What to work on
Everything from the line containing "สนามบินเฉิงตูเทียนฝู • สนามบินสุวรรณภูมิ |" through the last line of the entries needs to be repeated exactly. Pictures must be left out.

##############################

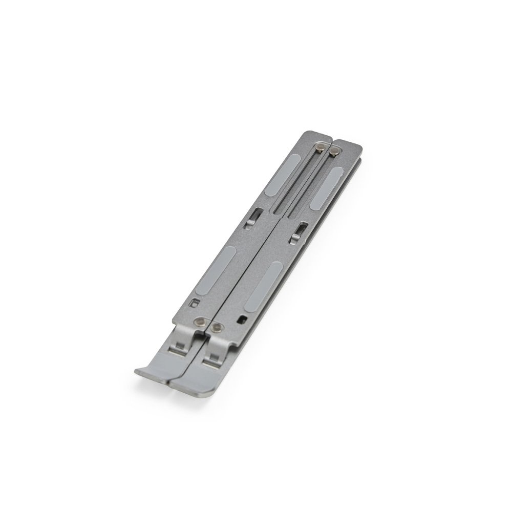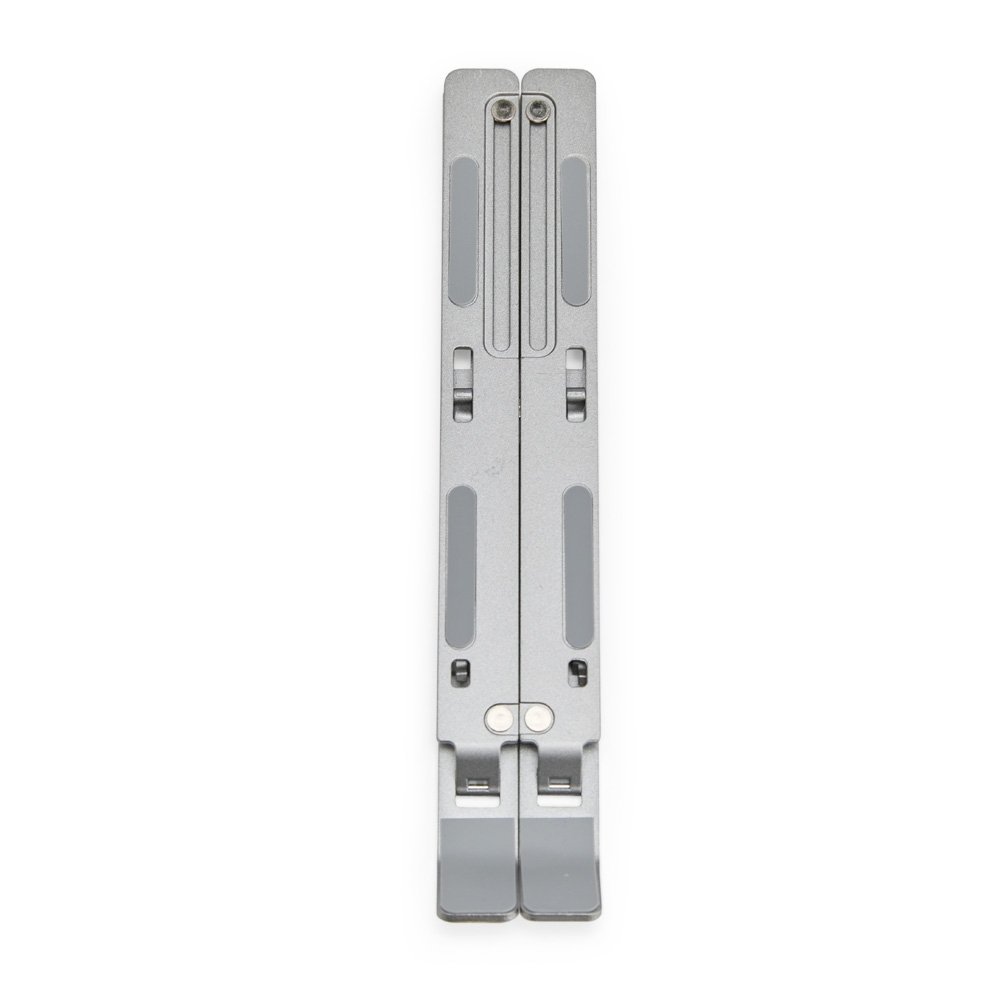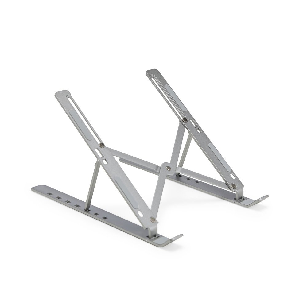 Descrição: Um suporte retrátil que é uma opção prática para acomodar notebooks de forma apropriada em qualquer ambiente, seja para estudos, trabalho ou apresentações. Feito em metal resistente, apresenta até sete níveis de ajuste para oferecer ergonomia e elegância para apoiar notebooks de até 15,6 polegadas. Além disso, também conta com tiras de silicone distribuídas por sua lateral para ajudar a manter o aparelho mais firme e, além disso, o formato do suporte contém um design aberto para facilitar a dissipação de calor do eletrônico sobre ele.
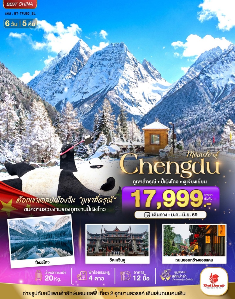 | วันที่ 6 | ร้านผ้าไหม • วัดเหวินซู • ถนนโบราณซอยกว้างซอยแคบ • สนามบินเฉิงตูเทียนฝู • สนามบินสุวรรณภูมิ |
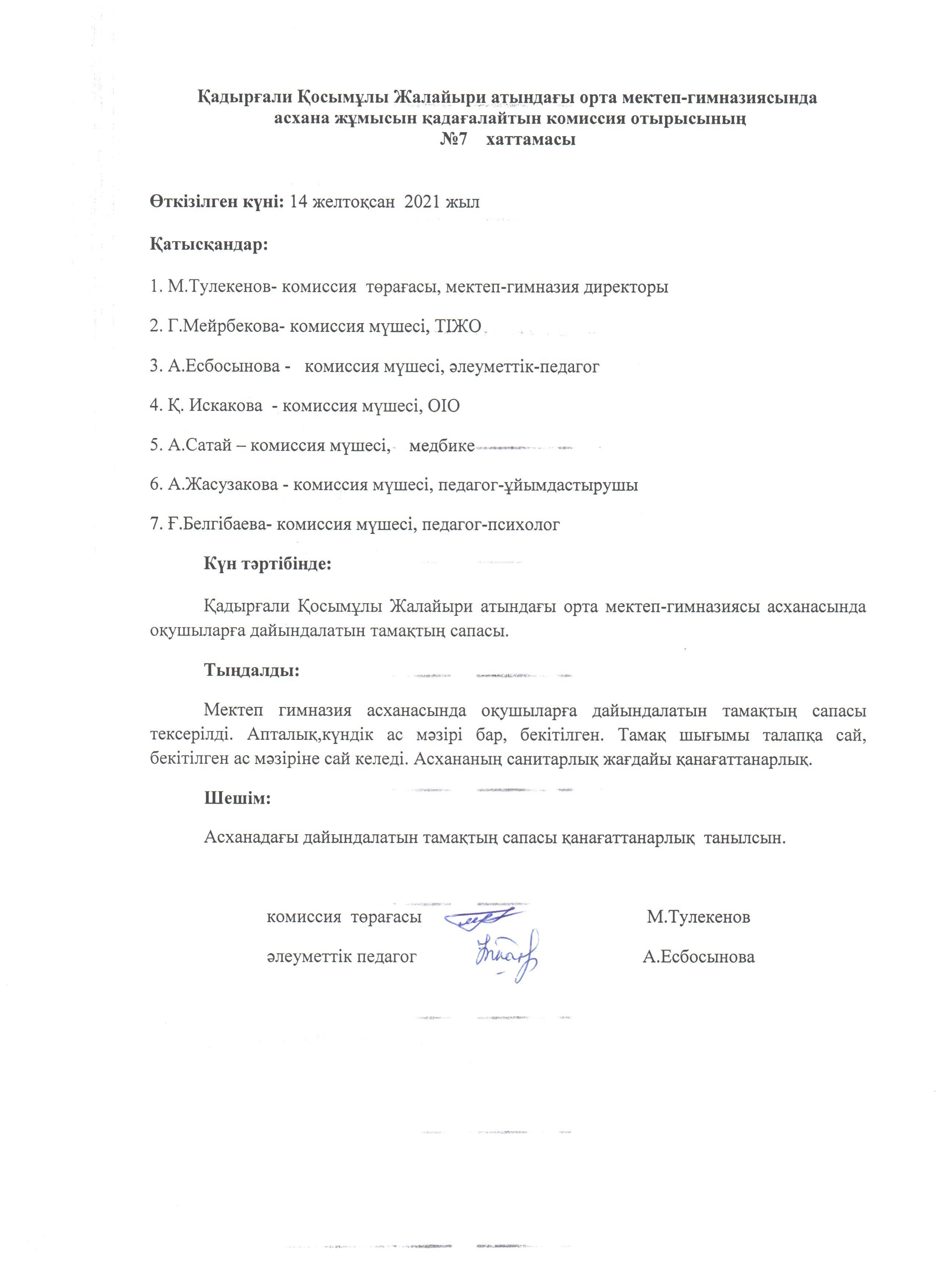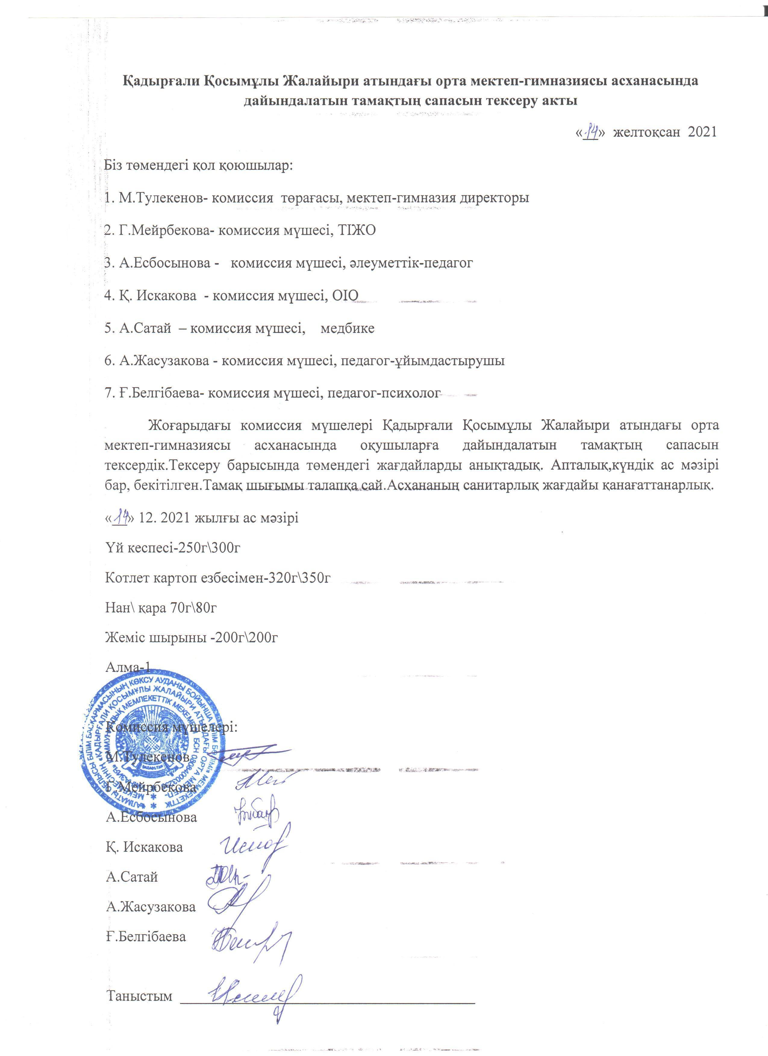 Тамақтың сапасын тексеру актісі мен хаттамасы » Коммунальное государственное учреждение 'Средняя школа гимназия имени Кадыргали Косымулы Жалаири'
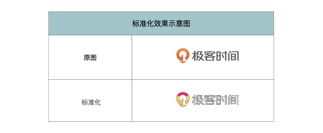 以极客时间的LOGO图片为例,我们来看看以(R, G, B)均值和标准差均为(0.5, 0.5, 0.5)来标准化图片后,是什么效果。
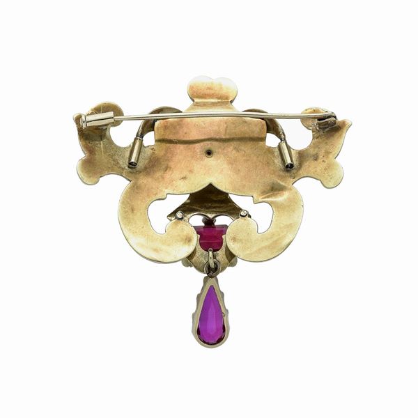 MATERIALE: oro a basso titolo e rubini sintetici DESCRIZIONE: spilla di ispirazione floreale realizzata con volute e girali intrecciati e incisi tra loro a formare un cartiglio, quest'ultimo impreziosito con due rubini sintetici, cadute allo smalto MISURE: cm 5.0x 5.3h PESO: gr 10.2
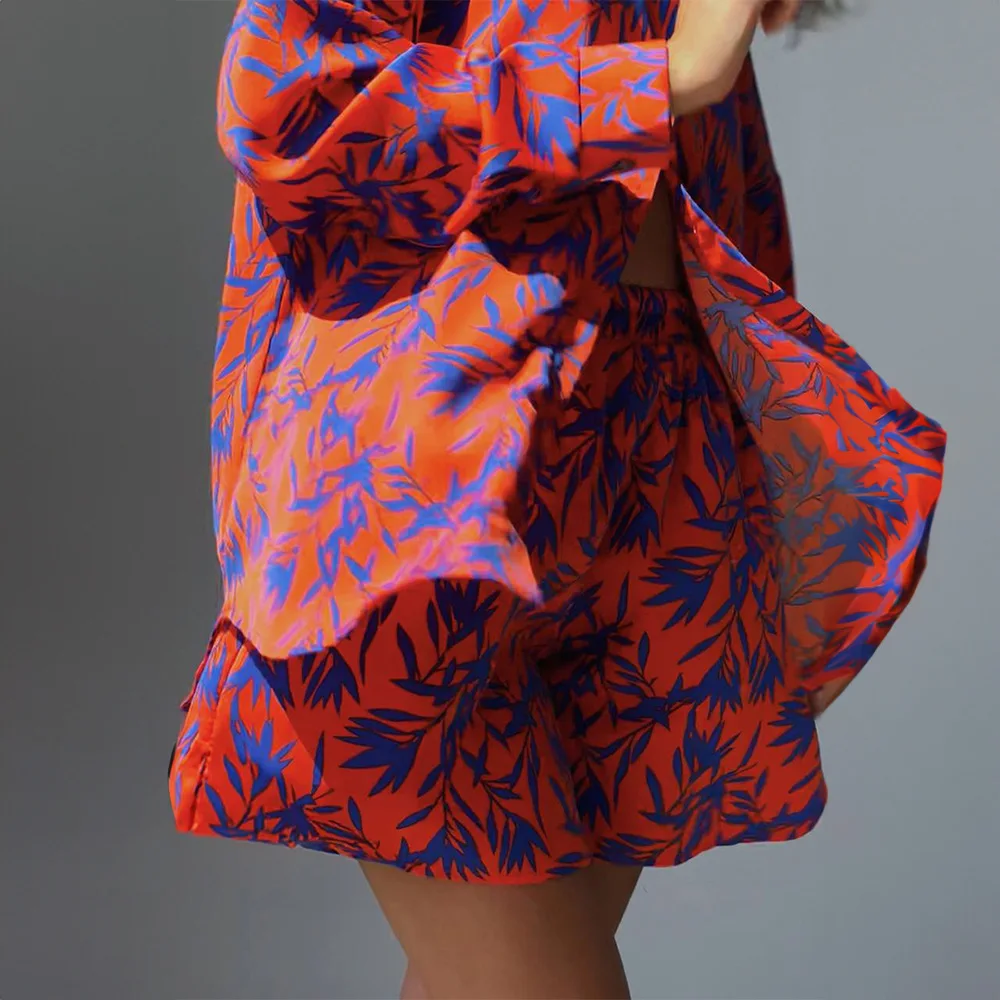 Summer Stylish Printing 2 Pieces Sets High Waist Shirt and Short Pants Fashion Y2K Suit Set Casual Women Two Piece Short Sets
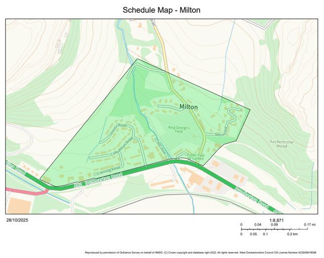 | Milton Brae | From a point 25 metres or thereby north of its western extended kerb line with (A82) Dumbarton Rd in a northern direction, for a distance of 380 metres or thereby. |
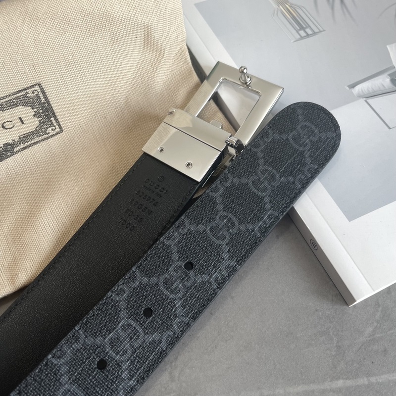 Gucci’s latest black GG Supreme canvas and black leather can be used on both sides. Width 3.5CM Square G buckle

##############################

Result for this exercise
 | วันที่ 6 | ร้านผ้าไหม • วัดเหวินซู • ถนนโบราณซอยกว้างซอยแคบ • สนามบินเฉิงตูเทียนฝู • สนามบินสุวรรณภูมิ |
 Тамақтың сапасын тексеру актісі мен хаттамасы » Коммунальное государственное учреждение 'Средняя школа гимназия имени Кадыргали Косымулы Жалаири'
 以极客时间的LOGO图片为例,我们来看看以(R, G, B)均值和标准差均为(0.5, 0.5, 0.5)来标准化图片后,是什么效果。
 MATERIALE: oro a basso titolo e rubini sintetici DESCRIZIONE: spilla di ispirazione floreale realizzata con volute e girali intrecciati e incisi tra loro a formare un cartiglio, quest'ultimo impreziosito con due rubini sintetici, cadute allo smalto MISURE: cm 5.0x 5.3h PESO: gr 10.2
 Summer Stylish Printing 2 Pieces Sets High Waist Shirt and Short Pants Fashion Y2K Suit Set Casual Women Two Piece Short Sets
 | Milton Brae | From a point 25 metres or thereby north of its western extended kerb line with (A82) Dumbarton Rd in a northern direction, for a distance of 380 metres or thereby. |
 Gucci’s latest black GG Supreme canvas and black leather can be used on both sides. Width 3.5CM Square G buckle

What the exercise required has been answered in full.